I am trying to make a data frame that can store variable coeff value after each iteration. I am able to plot the graph after each iteration. but when I tried to insert the value in the data frame after each iteration.
I am getting this error.
None of [Int64Index([ 3169, 3170, 3171, 3172, 3173, 3174, 3175, 3176, 3177,\n 3178,\n ...\n 31671, 31672, 31673, 31674, 31675, 31676, 31677, 31678, 31679,\n
31680],\n dtype='int64', length=28512)] are in the [columns]
This is the code I use:
from sklearn.model_selection import KFold
kf = KFold(n_splits=10)
cvlasso= Lasso(alpha=0.001)
count = 1
var = pd.DataFrame()
for train, _ in kf.split(X, Y):
cvlasso.fit(X.iloc[train, :], Y.iloc[train])
importances_index_desc = cvlasso.coef_
feature_labels = list(X.columns.values)
importance = pd.Series(importances_index_desc, feature_labels)
plt.figure()
plt.bar(feature_labels, importances_index_desc)
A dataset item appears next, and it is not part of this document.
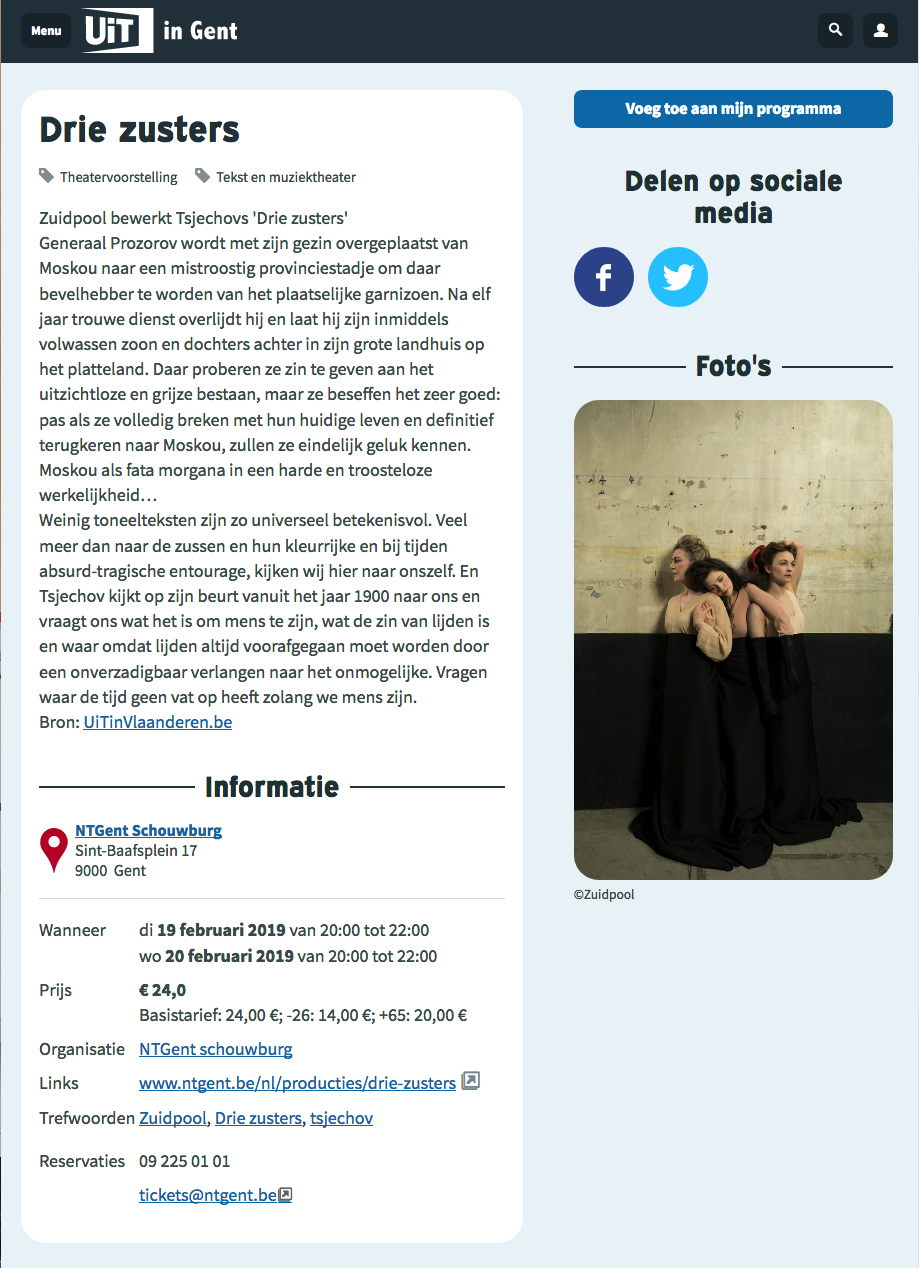 Сайт/Site : https://www.ccdesteiger.be/nl/programma/theater/zuidpool-drie-zusters.html

plt.xticks(feature_labels, rotation='vertical')
plt.ylabel('Importance')
plt.xlabel('Features')
plt.title('Fold {}'.format(count))
count = count + 1
var[train] = importances_index_desc
plt.show()
and one more thing there is a total of 33000 observations in my dataset but at the end of the loop, the train value is 28512? Does anyone know why train value is not 33000?